TASK MATERIAL:

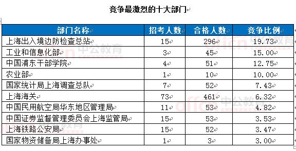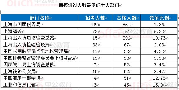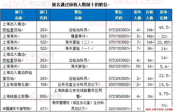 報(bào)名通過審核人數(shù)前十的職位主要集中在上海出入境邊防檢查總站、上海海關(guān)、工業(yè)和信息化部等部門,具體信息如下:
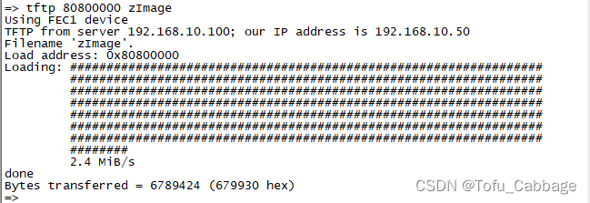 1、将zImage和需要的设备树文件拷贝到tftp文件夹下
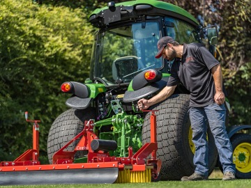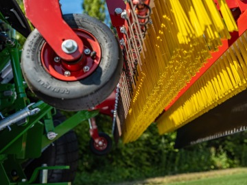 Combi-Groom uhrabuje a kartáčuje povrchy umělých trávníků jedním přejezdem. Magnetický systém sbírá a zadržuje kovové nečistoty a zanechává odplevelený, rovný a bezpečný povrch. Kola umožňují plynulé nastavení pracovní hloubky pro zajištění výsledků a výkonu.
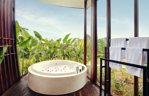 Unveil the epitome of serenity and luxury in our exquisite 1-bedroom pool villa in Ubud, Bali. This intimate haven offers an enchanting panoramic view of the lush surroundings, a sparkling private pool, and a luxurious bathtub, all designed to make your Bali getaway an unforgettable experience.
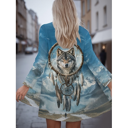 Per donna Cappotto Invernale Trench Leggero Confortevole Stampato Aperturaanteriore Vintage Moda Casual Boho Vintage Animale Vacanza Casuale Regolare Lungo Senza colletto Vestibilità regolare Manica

ASSIGNMENT:
The required output is the exact run of lines from the start of the records through the line containing "Combi-Groom uhrabuje a", both ends included, with no pictures.

WRITTEN REPLY:
 報(bào)名通過審核人數(shù)前十的職位主要集中在上海出入境邊防檢查總站、上海海關(guān)、工業(yè)和信息化部等部門,具體信息如下:
 1、将zImage和需要的设备树文件拷贝到tftp文件夹下
 Combi-Groom uhrabuje a kartáčuje povrchy umělých trávníků jedním přejezdem. Magnetický systém sbírá a zadržuje kovové nečistoty a zanechává odplevelený, rovný a bezpečný povrch. Kola umožňují plynulé nastavení pracovní hloubky pro zajištění výsledků a výkonu.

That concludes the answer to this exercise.